La conclusion du processus d’évaluation. Le processus d’évaluation se conclut d’abord par la validation de la fourchette de valeurs établie pour l’entreprise évaluée. Ainsi, selon les répondants, la première façon de valider les résultats obtenus par une méthode

d’évaluation consiste à appliquer une autre méthode d’évaluation; le but étant l’obtention d’un résultat similaire pour les deux méthodes mises de l’avant. Il leur est également possible de valider les résultats obtenus en consultant des collègues ainsi qu’en soumettant le fruit de leur travail à un rigoureux processus de contrôle de la qualité. Et bien que le capital humain ne fasse pas l’objet d’une évaluation financière distincte, il n’en demeure pas moins que celui-ci peut avoir un impact sur le processus d’évaluation, validant alors la valeur globale déterminée pour l’entreprise. En dernier lieu, les parties impliquées dans le processus d’évaluation doivent finalement passer à l’action. Dépendamment du contexte de l’évaluation ainsi que de la nature du mandat réalisé, soit que la JVM déterminée pour une entreprise est simplement divulguée au client, soit qu’un processus de négociation s’enclenche dans le but ultime de conclure la transaction ayant donné naissance à l’évaluation d’entreprise.

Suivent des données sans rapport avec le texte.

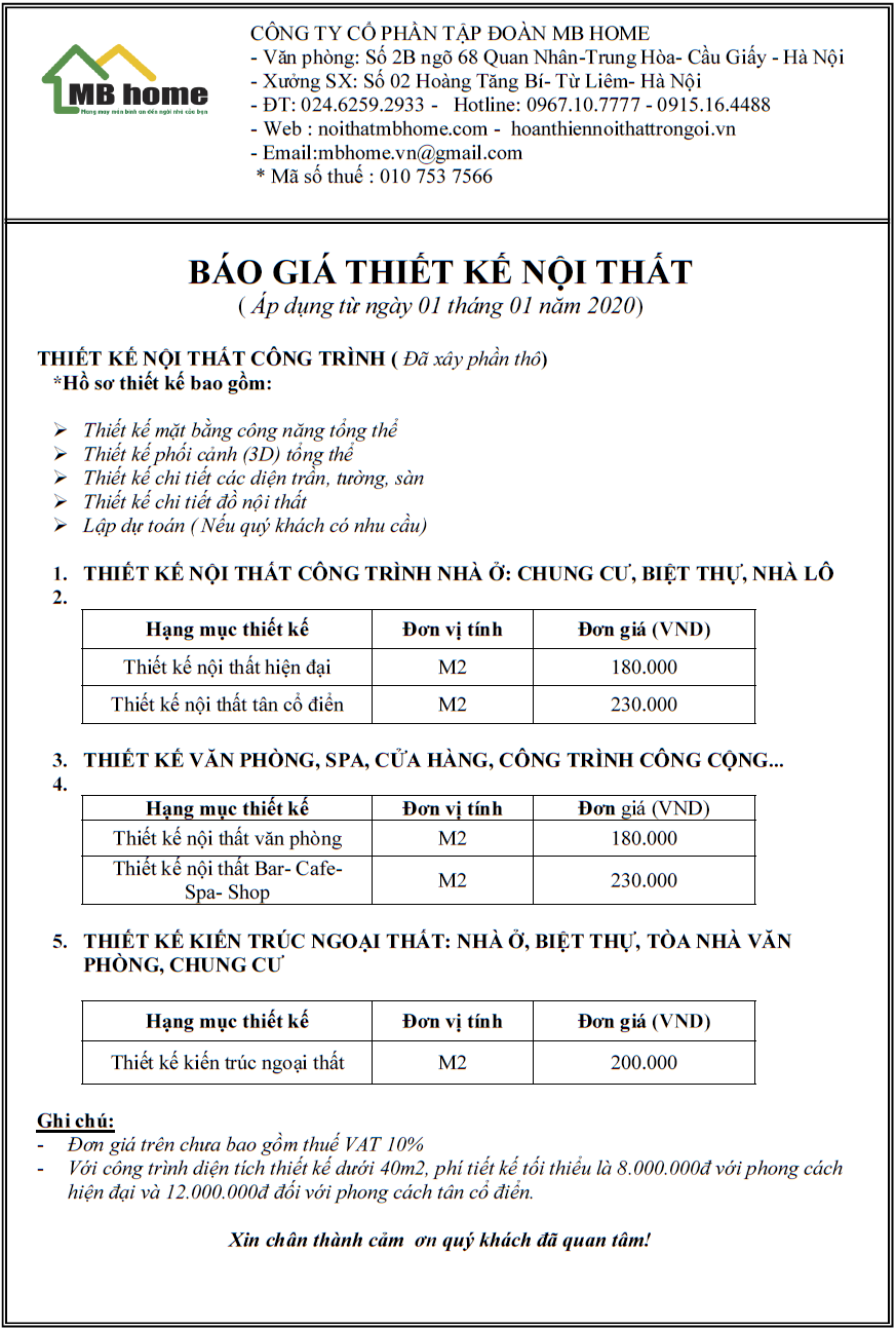 Cùng với MB Home tham khảo Bảng báo giá nội thất thiết kế chi tiết và cụ thể mới nhất của năm 2020. Trong bảng báo giá nội thất được ghi rất rõ từng bảng giá nội thất chung cư đến các công trình dự án khác nữa. Xin mời các bạn tham khảo!
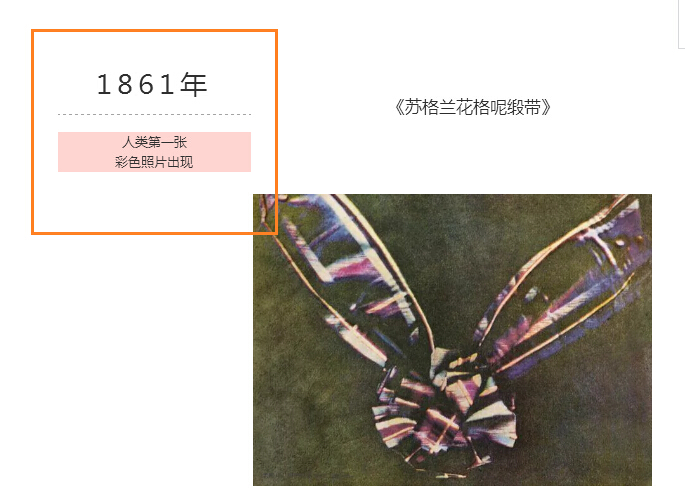 1861年,萨顿对着这条缎带拍摄了三幅同样的照片,用三部放映机同时将映像透射到银幕上,每部放映机镜头前都拧上不同颜色的滤镜。同伴麦克斯韦尔当时提出了用三原色可以混合出世间的任意一种颜色,他的这个论断在这次放映试验上得到了验证——人类第一张彩色照片就这样诞生了---《苏格兰花格呢缎带》。
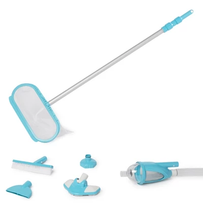 - DELUXE ACCESSORY KIT: Kit includes a leaf rake with debris net, curved wall brush, vacuum head with 2 nozzles, scrubber vacuum, telescoping aluminum pole, and 24-foot hose with connectors
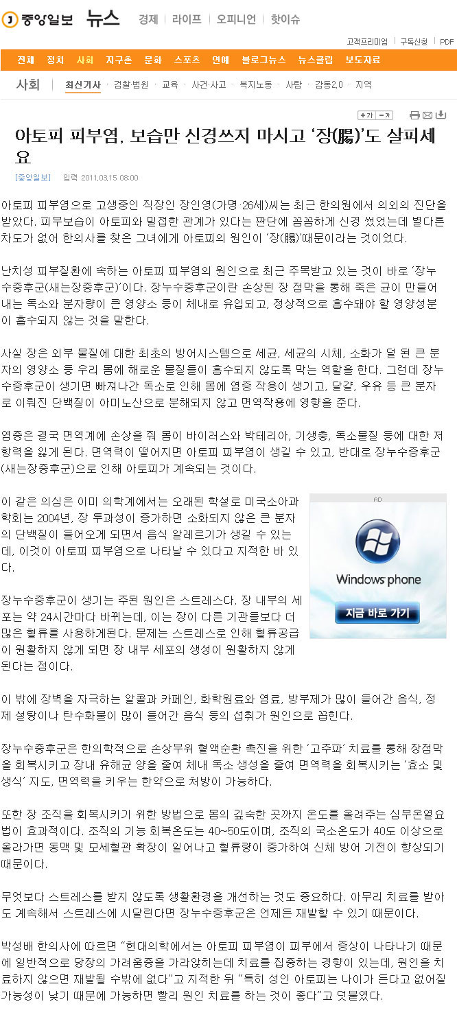 아토피 피부염, 보습만 신경쓰지 마시고 ‘장(腸)’도 살피세요

1.1.1.2 Retombées de la résidence en entreprise

La réalisation de la résidence en entreprise a permis de confirmer que les méthodes traditionnelles d’évaluation ne prennent pas explicitement en considération la valeur financière du capital humain. De plus, les acteurs consultés œuvrant dans le domaine de l’évaluation reconnaissent la création d’une valeur ajoutée par la présence du capital humain au sein d’une entreprise, mais admettent ne pas savoir de quelle façon quantifier cette valeur. Désirant alors inclure cette variable dans leur processus d’évaluation d’entreprise, les professionnels de ce domaine ont tenté de développer certaines pratiques leur permettant de prendre en considération la valeur générée par le capital humain. Selon les résultats obtenus par la résidence en entreprise, une de ces pratiques consisterait à identifier certains indicateurs de valeur liés au capital humain dans le but de les intégrer dans l’évaluation du niveau de risque découlant de l’exploitation d’une entreprise; ce niveau de risque servant alors de base à certaines méthodes traditionnelles d’évaluation. Une autre pratique serait tout simplement de prendre pour acquis que la valeur ajoutée attribuable au capital humain se reflète déjà dans la rentabilité actuelle de l’entreprise sur laquelle se basent certaines méthodes

traditionnelles d’évaluation. À l’inverse, cette pratique impliquerait également que la rentabilité et, par conséquent, la valeur d’une entreprise soient réduites lorsque des employés quittent l’organisation qui les emploie. Puis la dernière pratique relevée consisterait à valider la valeur totale déterminée pour une entreprise en s’assurant de la présence de certaines caractéristiques liées au capital humain. En somme, suite à la réalisation de la résidence en entreprise, les pratiques recensées en matière d’évaluation semblent montrer que la valeur générée par la présence du capital humain au sein d’une entreprise est englobée dans la prime totale désignée comme étant le goodwill, et ce, lorsqu’elle est prise en considération, ce qui ne semble pas toujours être le cas.